I said to my soul, be still and let the dark come upon you
Which shall be the darkness of God…
I said to my soul, be still and wait without hope
For hope would be the wrong thing; wait without love
For love would be love of the wrong thing; there is yet faith
But the faith and the love and the hope are all in the waiting.
Wait without thought, for you are not ready for thought:
So the darkness shall be light, and the stillness the dancing.
[T. S. Eliot, “East Coker” from Four Quartets, pub. 1944]

When you can’t feel any Christmas comfort take a deep breath and wait, knowing that God keeps promises.

Then, we need to accept the reality of where we are. When you’re in the wilderness there’s no benefit in pretending it’s the Promised Land. Remember the wisdom of Emily Dickinson who said: “Where thou art – that – is Home.”

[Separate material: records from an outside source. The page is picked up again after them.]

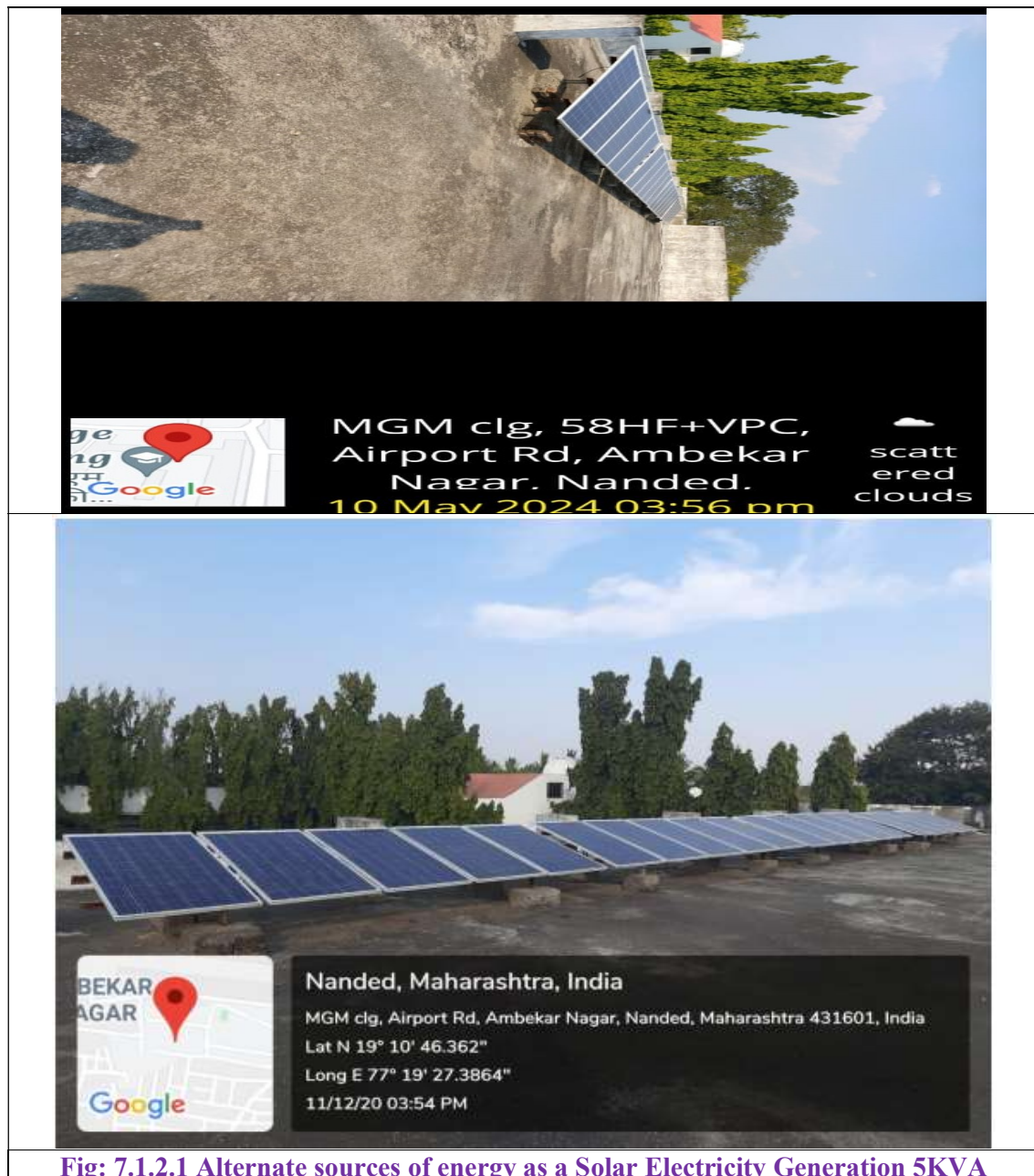
Fig: 7.1.2.1 Alternate sources of energy as a Solar Electricity Generation 5KVA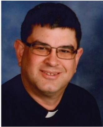
Photo Directory- It has been five years since the last St. John's photo directory was produced. Plans are underway to start production of a new directory that should be available before Christmas. The key to any good directory is wide participation. Dutton's Valley Gallery from Valley City will be working with us on this project. They will be offering several days of photography at St. John's in August

and again in October. There will be no cost to individuals and families to have their picture taken and included in the directory. Portraits may be purchased at a reasonable cost. Congregational activities will be photographed as part of the October dates. This directory is for all members and friends who participate in the life of the congregation. Invitations will be extended to active and inactive members of St. John's who live in the area. You can help this directory by signing up early for a photo appointment, calling and inviting you family members to let them know about this opportunity, and reaching out to former members who we haven't seen for a while.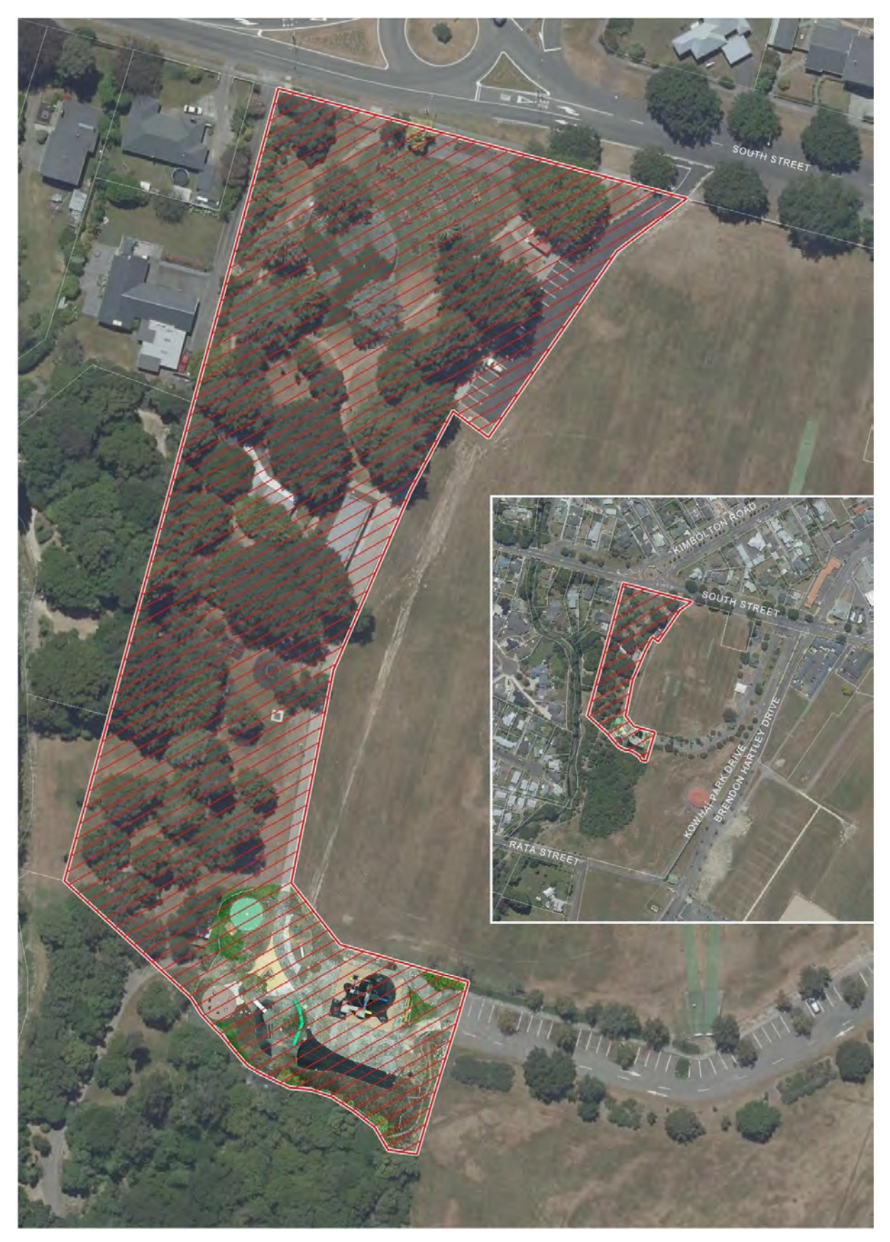
Kōwhai Park Alcohol Control Area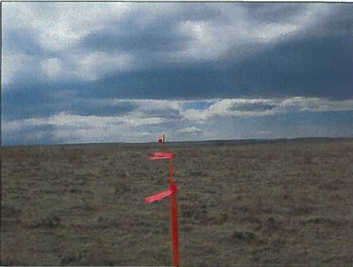
PAWNEE CREEK 9-57-18-1B West.jpg 04/19/2011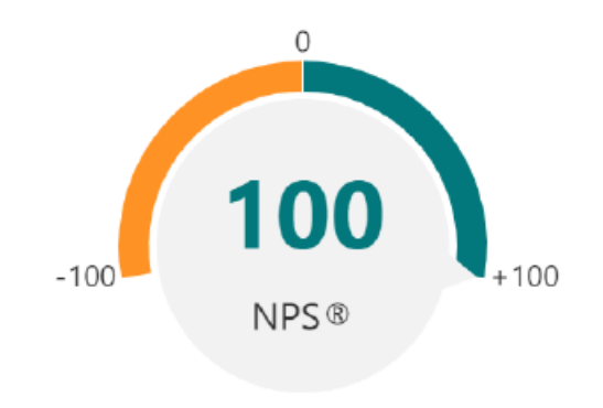
5 in attendance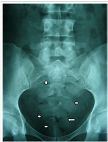
Figure 10 Image showing the pellets of cocaine inside a body packer. 26

There are so many of these sent out that if a few don't make it, there is no consequence to the drug barons because they make such a vast profit that such a loss is worthless. The methods above are for cargos of larger amounts of cocaine but there are other methods where the cocaine is concealed and trafficked in smaller amounts. Common methods are body stuffing and packing 24 where drug mules are used to traffic cocaine through customs. Cocaine is the most common drug involved in body stuffing 25 and it poses serious risk to the drug mules. 26 Figure 10 shows the cocaine pellets that have been swallowed by a body packer.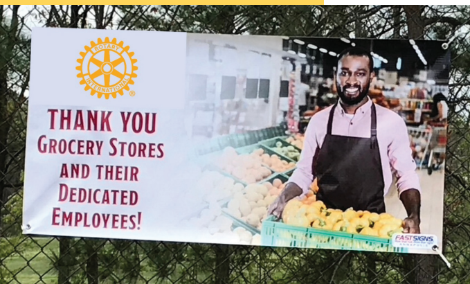
[Above] The Annapolis Rotary Club displayed banners thanking the heroes in the the community during the COVID-19 pandemic.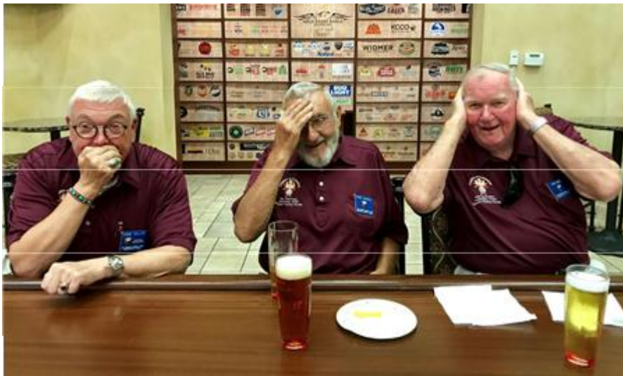
Speak no evil, see no evil, hear no evil.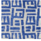
L5049_TSOMB A_C532_FE_Ve rso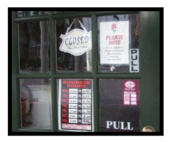
Example of Incidental Signs

(G.) Incidental signs affixed to windows containing no more than two square feet in copy area provided that not more than a total of six (6) square feet of incidental signage is displayed per occupancy. An incidental sign may flash provided they are located within a building and no more than one such sign is displayed per occupancy.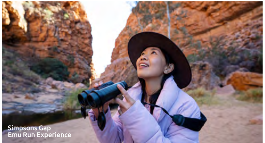
Simpsons Gap Emu Run Experience

A hands-on paper-making workshop using native grasses, a surreal salt lake and magnificent views of Mt Connor make Curtin Springs a learning destination not to be missed.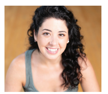
"We give students the tools to succeed while encouraging curiosity in all areas of theatre. Our approach creates wellrounded, thoughtful theatre artists."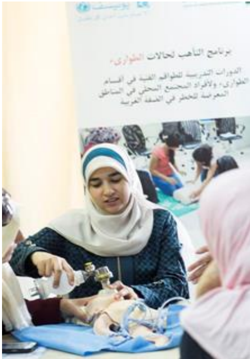
An emergency preparedness training including first aid and basic life support for community members in the West Bank

UNICEF continued to provide emergency health care supplies to the Ministry of Health (MOH) in Gaza, including drugs and medical consumables. A total of 136,269 women and children benefitted during the reporting period. A total of 16,763 women gained new knowledge on breastfeeding and complementary feeding in both primary health facilities and hospitals in Gaza. The micronutrient supplementation delivered through MOH services to pregnant and lactating mothers, in the West Bank and Gaza, reached a total of 65,255 mothers and 58,566 children under five (50% girls) during the reporting period. A total of 14,237 women and 9,257 children under five (50% are girls) were screened for malnutrition disorders, of which a total of 837 children (more than 60% females) were found malnourished and were treated during the third quarter, with therapeutic food provided by UNICEF.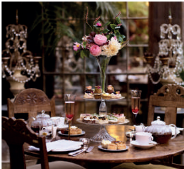
Gift a Garden Afternoon Tea experience

Departing from tradition and set within our greenhouses with a backdrop of the nurseries' wild gardens, our Garden Afternoon Tea is a celebration of nature, with wholesome recipes that reflect the rustic and spirited style of Petersham Nurseries. Perfect for a special occasion or a well-deserved treat, create a lasting memory at Petersham Nurseries.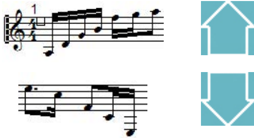
Figure 2. Example Up and Down Contour Icons, with associated musical score representations

In previous research into the use of contour (Cullen & Coyle, 2005, 2006), multimodal patterns defined as contour icons were developed to exploit gestalt concepts of good continuation and belongingness (Bregman, 1993) (Figure 2):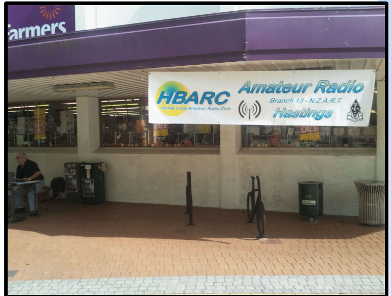
Close up of the signage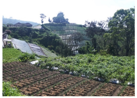
Figure 6. Selo people's plantation land

The Sadranan tradition is carried out before the arrival of the holy month of Ramadan. Selo residents bring various foods that are placed in containers made of woven and filled with various types of dishes brought from home. Generally, residents bring food in the form of cakes and even some vegetables harvested from the fields. This tradition is followed by almost all residents of Selo Village, especially the men. The essence of the Sadranan tradition is to pray for God's forgiveness and to pray for the family who has passed away.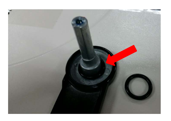
Step 10: Ensure that the 009321-5 Oring is secured around the base of the handle stem. If it is not there, check to see if it is in the lid bushing. If it is not in either location, replace with a new o-ring.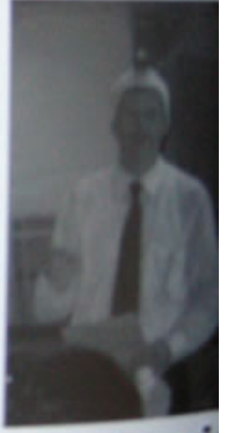
the meetings begi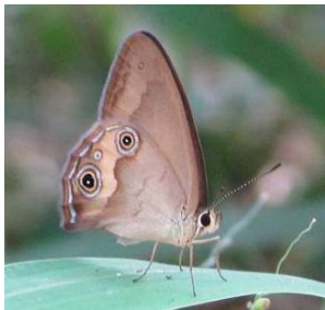
Brown Ringlet butterfly

Caterpillar food plant for: Brown Ringlet Orange-streaked Ringlet White-brand Grass-skipper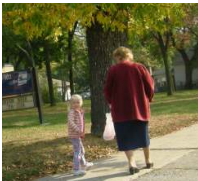
Figure 4-9: Mississauga is home to residents of all ages who thrive in their communities.

Mississauga Official Plan has been prepared to assist in the implementation of the long term vision formulated through a comprehensive public engagement process known as, "Our Future Mississauga – Be Part of the Conversation" that resulted in a new Strategic Plan. The goals,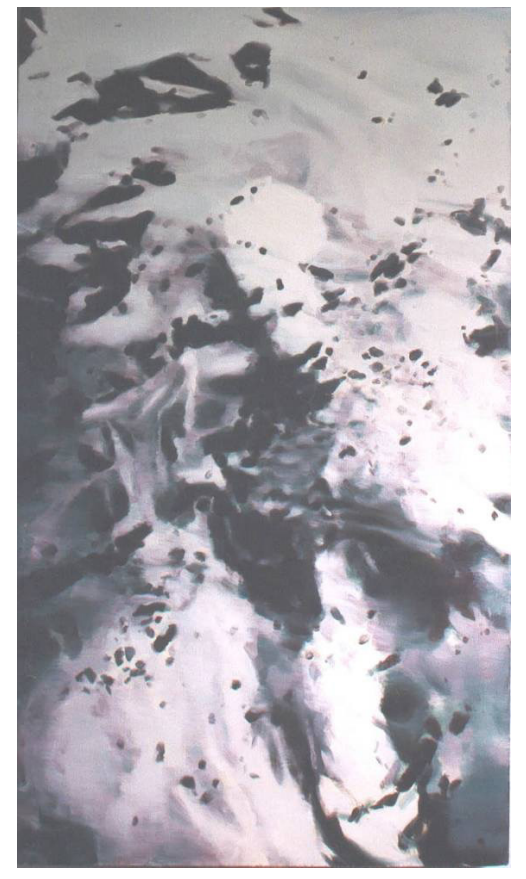
Creative Arts Educ Ther 2016, 2(1)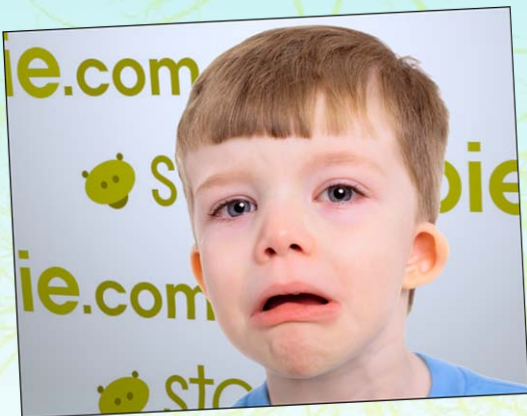
Seriously, he's feeling no pain.

So most of you already understand that Jesus says it's okay to torture. If it is okay to torture, it is certainly okay to waterboard your children for their own good. Then someday, your children will think of you when they are waterboarding their own children. That's the eternal Christian cycle of love. Those are the family values we are trying so hard to preserve. Remember: He that spareth his rod hateth his son. — Proverbs 13:24.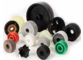
ROLLERS & BELTS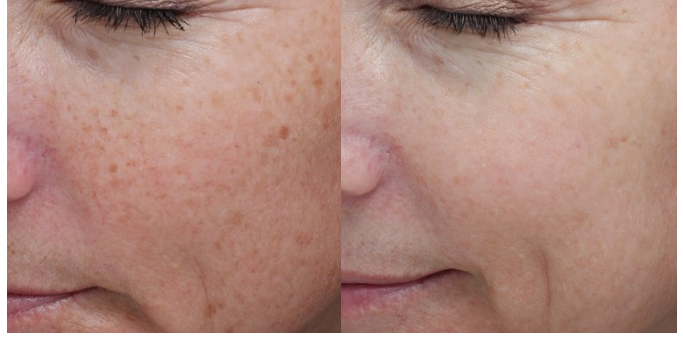
MOXI™ + BBL® HERO | 1 Month Post 1 Tx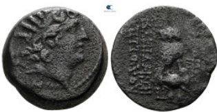
268 Seleukid Kingdom. Antioch on the Orontes. Cleopatra Thea and Antiochos VIII Epiphanes (Grypos) 125-121 BC. Bronze Æ 19 mm, 5,33 g fine 10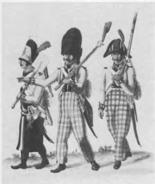
Grenadiers and a pioneer from the infantry Regimiento de Zamora: Theoretically Zamora should have had white collars, Suhr shows them brown. The pioneer has a black fur bearskin cap with yellow plate, red plume and black 'tail' with white piping. His grenadier 'epaulettes' have scalloped edges instead of fringes. Facings are black as is the apron (yellow pockets with yellow and black fringes) and the sabre and bayonet sheath. The grenadier (centre) has a black bearskin, jacket as for the pioneer and under his goatskin pack he has hung his bicorne with red cockade. Trousers of blue and white cloth. The right hand figure is as for the centre figure except that the bicorne has a red plume and white lacing

We may become very impatient with ourselves. We find it hard to live in the present and to accept what is true in our lives. We’re sorely tempted to live in the past with its golden glow, or live in the future with the anxieties that accompany every forward glance.

Isaiah spoke God’s word, and God spoke again in the birth of Jesus. This incarnation didn’t come suddenly without warning. Others had prepared the way, and in the fullness of time God came to be with us in every moment of our lives – comfort to those who weep and wander; companionship with those who rejoice and shout.

As people of faith we’re called to remember and proclaim: when life places us in the vise, when the idyllic dreams are crushed, God’s word is constant: “Comfort, O comfort my people” says our God.

But there’s more. Read these words with a different inflection and they become God’s commandment: COMFORT – MY – PEOPLE! We’re to be the servants of God who raise up the valleys, straighten the crooked roads, and make the rough places plane, so the Lord God can enter in.

And we’re called to be comforters in God’s name. This is the other side of the promise. This is the task of our ministry, yours and mine. John Henry Jowett (1864-1923) said a century ago: “God does not comfort us to make us comfortable, but to make us comforters.”

Every one of us can choose how to live with our losses. We’ve survived thus far by the grace of God and the loving kindness of people who’ve stuck by us. We can turn this blessing around and offer it back.

The needs of the world are overwhelming. So let’s consider a more modest proposal. Rather than agonizing over the suffering of the whole world, might you focus on just one other person? Isn’t there someone to whom you can bring God’s comfort in this holy season?

Isn’t there someone you can lead gently, you can touch kindly, someone to whom you can minister with hope and with comfort? Isn’t there a lonely neighbor who might come to your home for dinner? Isn’t there a friend at work who’s carrying an especially heavy load who would welcome an invitation to worship with you?

But, you say you’re one who needs to be comforted?

Ah, that’s the miracle of it all. When you can set aside your own pain long enough to minister to another, you both can be healed. Experience suggests that we get comfort in return when we try to give it.

On Thursday, after Wayne’s funeral, I met three of you who had attended even knowing how fresh your own grief is from the death of your beloved husband or wife. And you came to show your love for Wayne and your encouragement to Pat, and to be a part of the community. And each of you said it was hard but each time it gets a little easier. That’s how we heal and this is how the community of Christ lives together.

In the words of poet Lawrence Housman:

How shall we love thee, holy, hidden being,
If we love not the world thou hast made?
O give us neighbor love for better seeing
Thy Word made flesh and in the manger laid.
Thy Kingdom come, thy will be done.(Father Eternal, 1919 – Housman gave over the copyright to the newly-formed League of Nations) When Christmas causes pain, God is present with a promise and a commandment: “Comfort, comfort my people, says our God; I will comfort you so you may be a comfort to others.”